◆ What to do:
Look in the data below for the line that has "Dépliant de présentation", then print exactly every line from there through the line that has "ショート丈のダウンベストで、", leaving pictures out.

◆ Data extracts:
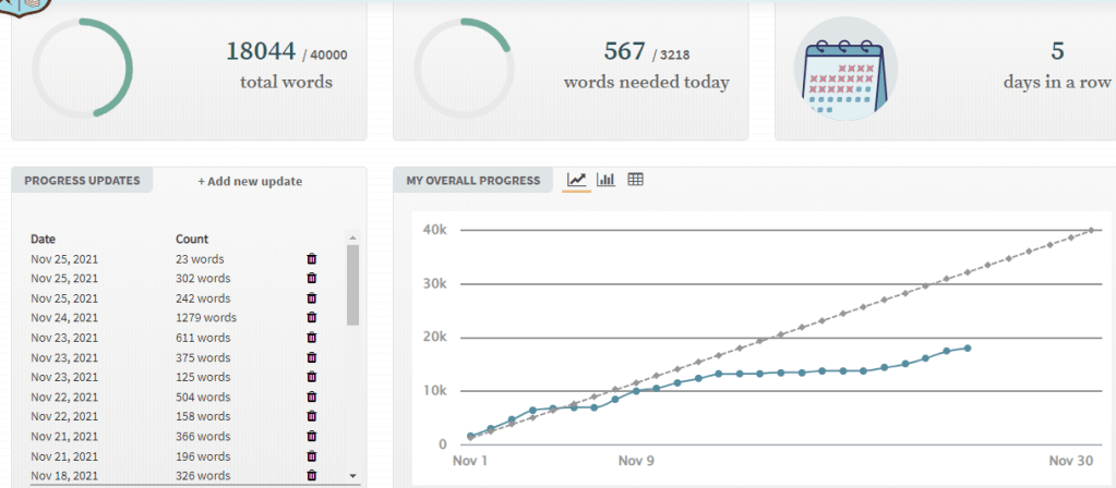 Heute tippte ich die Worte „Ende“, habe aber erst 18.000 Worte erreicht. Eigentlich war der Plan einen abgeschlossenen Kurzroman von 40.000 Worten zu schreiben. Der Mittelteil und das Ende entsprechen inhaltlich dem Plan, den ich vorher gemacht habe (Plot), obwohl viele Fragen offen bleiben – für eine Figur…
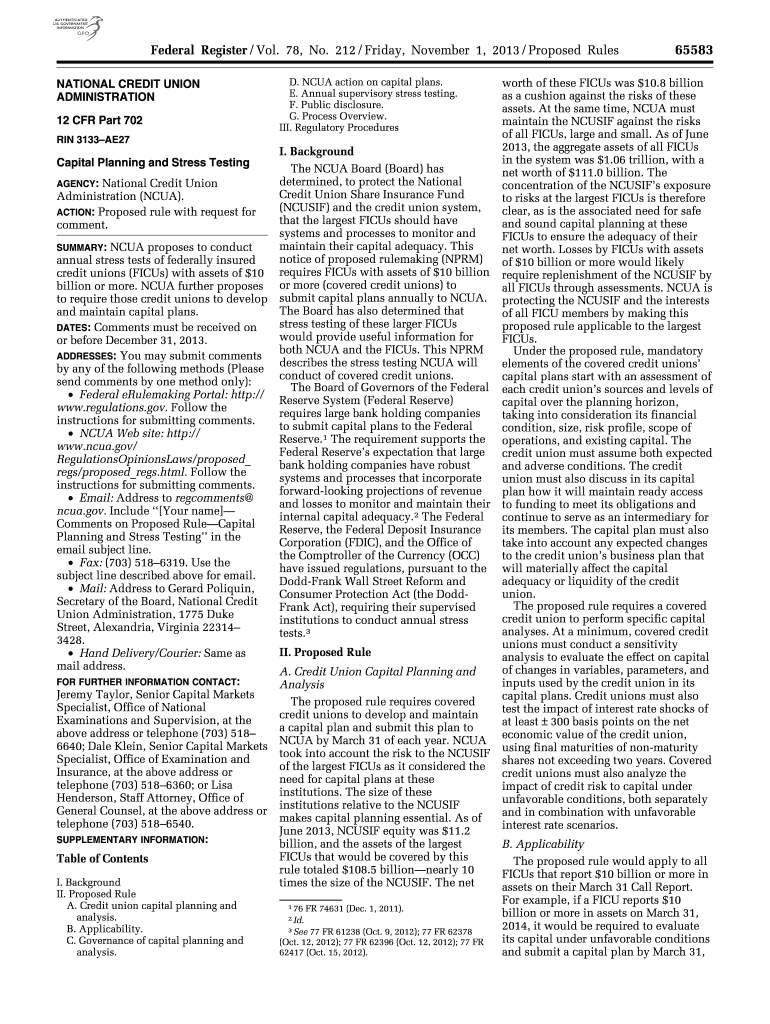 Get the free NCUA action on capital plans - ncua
--
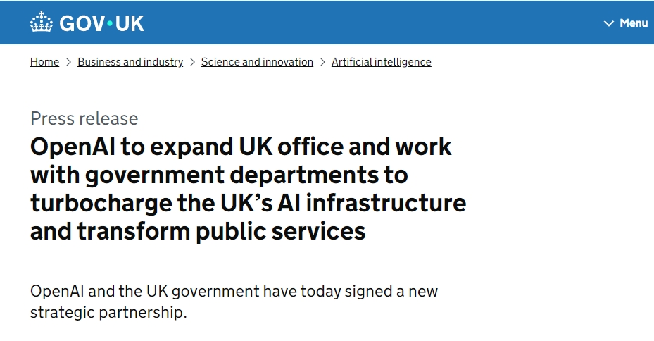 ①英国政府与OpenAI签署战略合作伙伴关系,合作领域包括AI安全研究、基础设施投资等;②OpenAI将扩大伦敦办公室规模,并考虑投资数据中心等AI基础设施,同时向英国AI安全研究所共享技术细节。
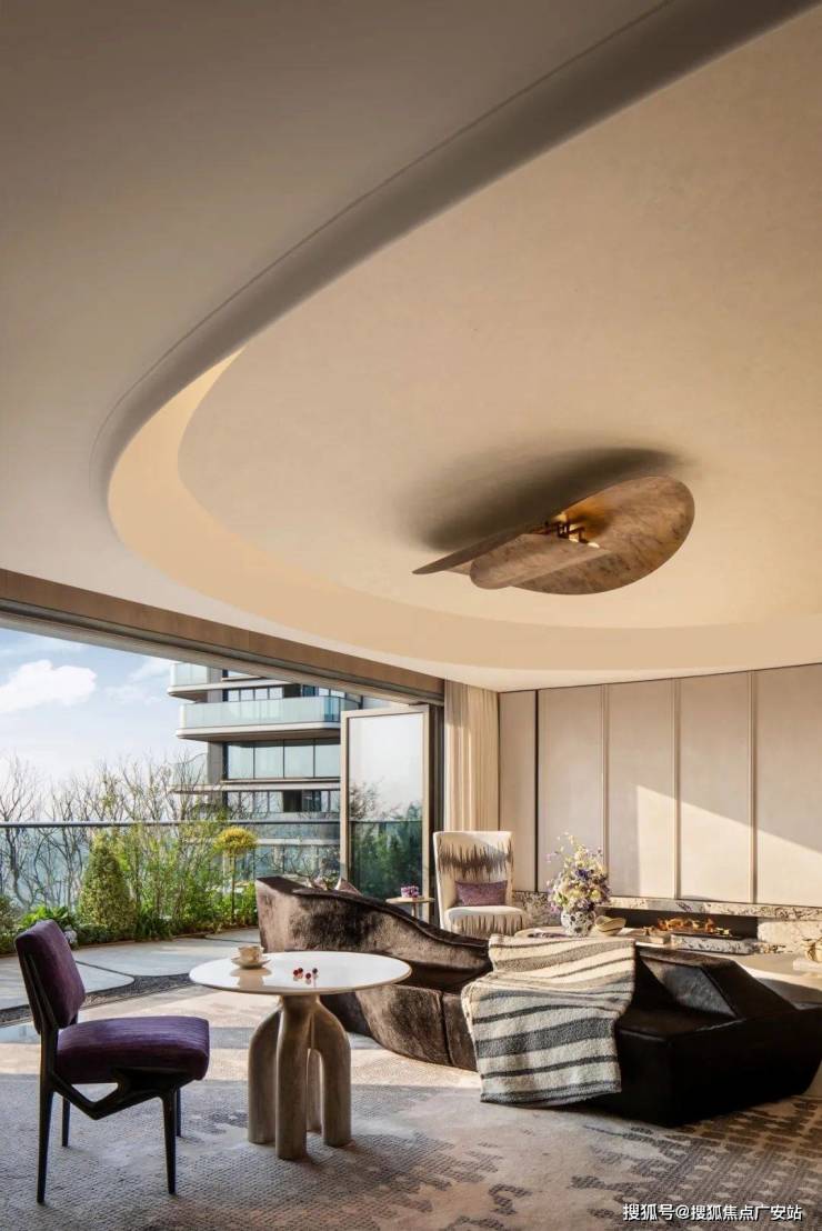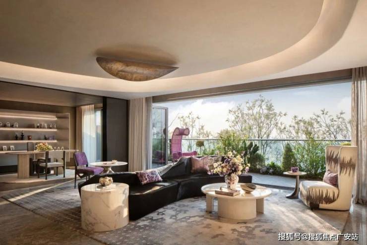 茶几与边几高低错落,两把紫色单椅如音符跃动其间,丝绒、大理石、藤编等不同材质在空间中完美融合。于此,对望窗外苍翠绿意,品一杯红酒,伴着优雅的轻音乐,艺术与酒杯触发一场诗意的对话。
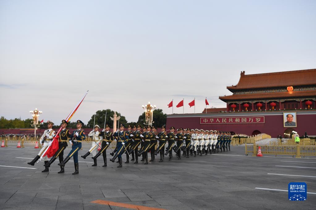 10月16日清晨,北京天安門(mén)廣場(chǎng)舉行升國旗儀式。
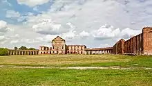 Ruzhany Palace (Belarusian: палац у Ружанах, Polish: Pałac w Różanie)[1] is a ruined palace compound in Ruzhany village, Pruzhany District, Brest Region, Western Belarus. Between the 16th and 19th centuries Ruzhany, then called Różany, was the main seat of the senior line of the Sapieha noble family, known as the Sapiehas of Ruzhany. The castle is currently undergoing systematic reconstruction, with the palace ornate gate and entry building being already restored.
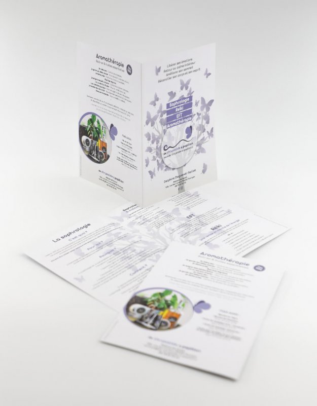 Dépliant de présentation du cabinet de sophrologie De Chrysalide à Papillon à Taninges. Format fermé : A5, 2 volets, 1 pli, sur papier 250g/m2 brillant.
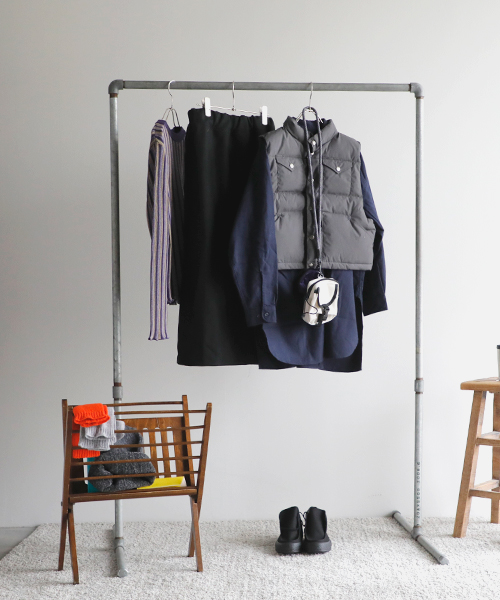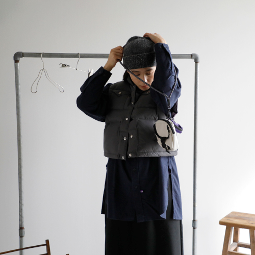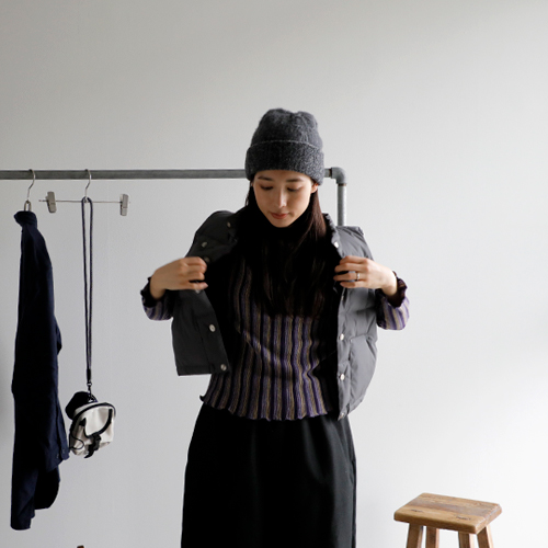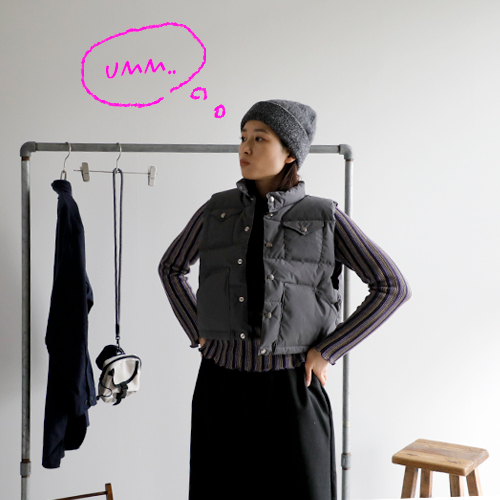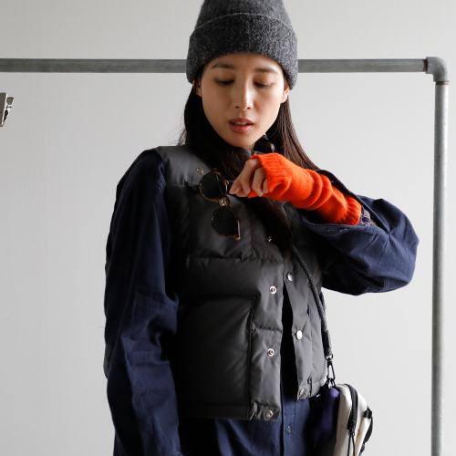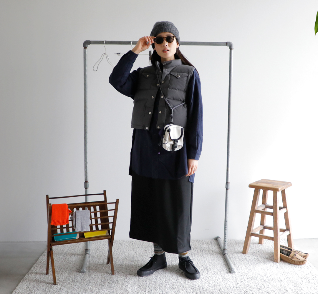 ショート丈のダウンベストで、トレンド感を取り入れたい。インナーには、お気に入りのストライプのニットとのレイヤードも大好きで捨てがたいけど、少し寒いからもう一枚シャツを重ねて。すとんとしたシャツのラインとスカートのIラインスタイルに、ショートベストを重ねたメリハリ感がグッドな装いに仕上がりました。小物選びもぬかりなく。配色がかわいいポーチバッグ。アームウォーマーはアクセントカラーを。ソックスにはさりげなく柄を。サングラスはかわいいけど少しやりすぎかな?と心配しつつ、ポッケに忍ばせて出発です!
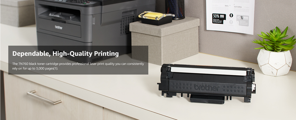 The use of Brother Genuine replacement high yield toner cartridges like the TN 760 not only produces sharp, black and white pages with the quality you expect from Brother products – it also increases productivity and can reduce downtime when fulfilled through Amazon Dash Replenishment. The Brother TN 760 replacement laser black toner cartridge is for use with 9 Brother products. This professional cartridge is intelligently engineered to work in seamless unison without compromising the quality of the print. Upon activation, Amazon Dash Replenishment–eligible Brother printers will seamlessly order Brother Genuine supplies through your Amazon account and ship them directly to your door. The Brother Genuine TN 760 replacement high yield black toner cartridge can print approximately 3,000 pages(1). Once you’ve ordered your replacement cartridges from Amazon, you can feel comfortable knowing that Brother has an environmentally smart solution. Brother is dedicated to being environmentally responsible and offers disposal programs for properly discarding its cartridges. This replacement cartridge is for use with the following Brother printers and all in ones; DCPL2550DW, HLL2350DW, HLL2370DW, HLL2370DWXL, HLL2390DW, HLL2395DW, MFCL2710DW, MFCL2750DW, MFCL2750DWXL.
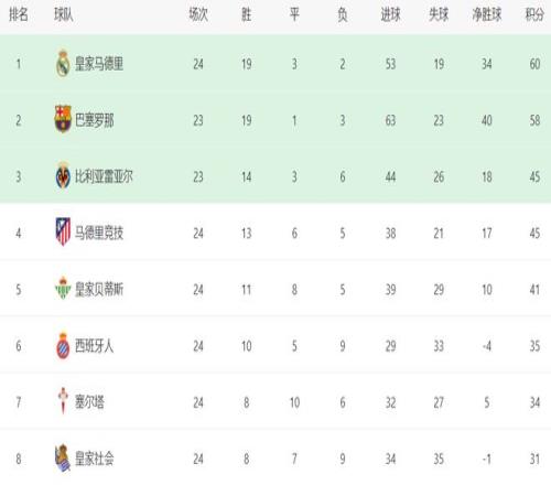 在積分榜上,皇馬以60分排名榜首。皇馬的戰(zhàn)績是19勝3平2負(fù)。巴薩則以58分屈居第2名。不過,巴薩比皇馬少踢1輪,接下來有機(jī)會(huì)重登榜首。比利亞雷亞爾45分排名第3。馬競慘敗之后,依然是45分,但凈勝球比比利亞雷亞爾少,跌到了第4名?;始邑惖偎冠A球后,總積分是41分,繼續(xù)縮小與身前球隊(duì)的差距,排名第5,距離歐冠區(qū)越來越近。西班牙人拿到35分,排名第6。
---
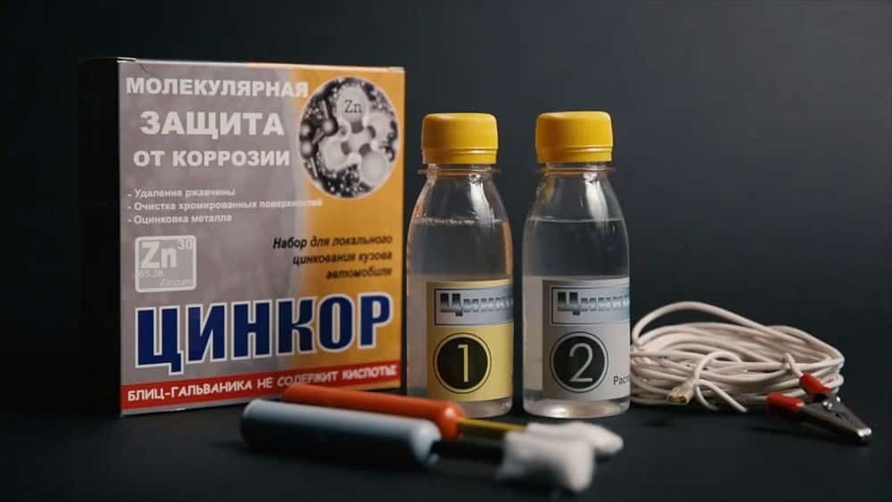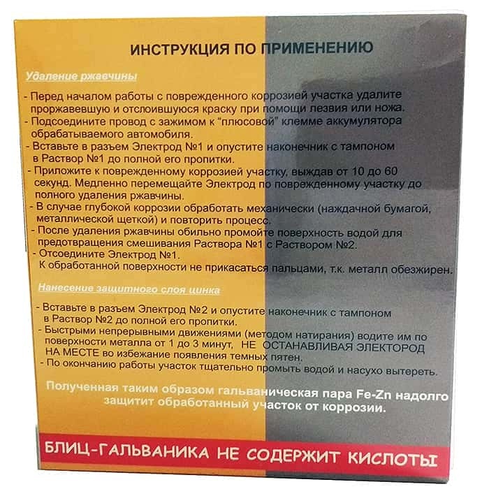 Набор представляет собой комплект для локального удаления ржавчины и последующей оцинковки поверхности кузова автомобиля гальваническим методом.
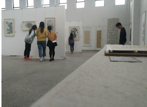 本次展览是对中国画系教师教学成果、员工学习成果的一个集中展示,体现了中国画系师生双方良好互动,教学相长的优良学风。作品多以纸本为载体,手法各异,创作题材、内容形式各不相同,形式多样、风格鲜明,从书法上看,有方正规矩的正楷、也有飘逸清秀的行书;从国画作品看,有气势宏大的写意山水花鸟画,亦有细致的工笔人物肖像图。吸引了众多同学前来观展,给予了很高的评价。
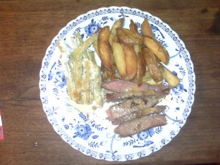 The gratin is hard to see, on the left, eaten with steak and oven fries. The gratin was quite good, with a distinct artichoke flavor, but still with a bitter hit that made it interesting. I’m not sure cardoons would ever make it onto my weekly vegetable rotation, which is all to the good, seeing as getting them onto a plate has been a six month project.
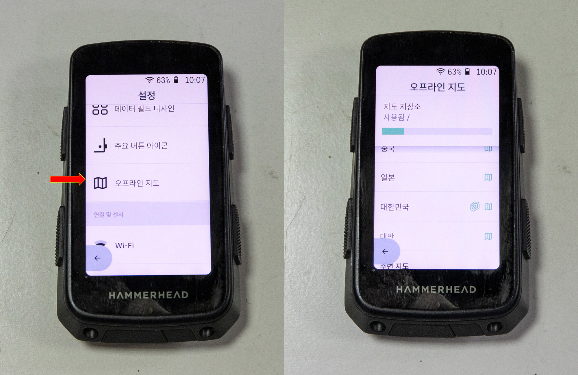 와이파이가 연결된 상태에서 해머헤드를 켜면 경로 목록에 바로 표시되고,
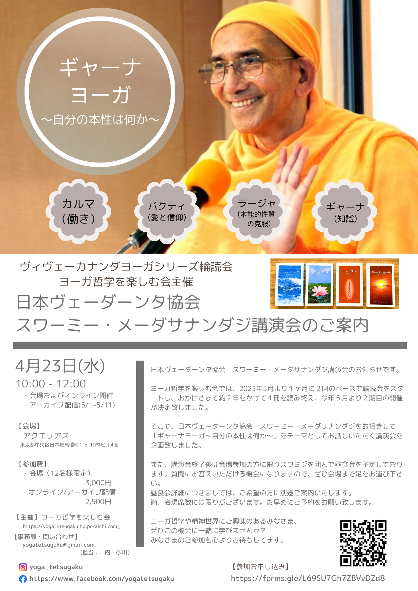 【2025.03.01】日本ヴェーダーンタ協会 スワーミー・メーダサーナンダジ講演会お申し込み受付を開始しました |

◆ Solution:
 Dépliant de présentation du cabinet de sophrologie De Chrysalide à Papillon à Taninges. Format fermé : A5, 2 volets, 1 pli, sur papier 250g/m2 brillant.
 ショート丈のダウンベストで、トレンド感を取り入れたい。インナーには、お気に入りのストライプのニットとのレイヤードも大好きで捨てがたいけど、少し寒いからもう一枚シャツを重ねて。すとんとしたシャツのラインとスカートのIラインスタイルに、ショートベストを重ねたメリハリ感がグッドな装いに仕上がりました。小物選びもぬかりなく。配色がかわいいポーチバッグ。アームウォーマーはアクセントカラーを。ソックスにはさりげなく柄を。サングラスはかわいいけど少しやりすぎかな?と心配しつつ、ポッケに忍ばせて出発です!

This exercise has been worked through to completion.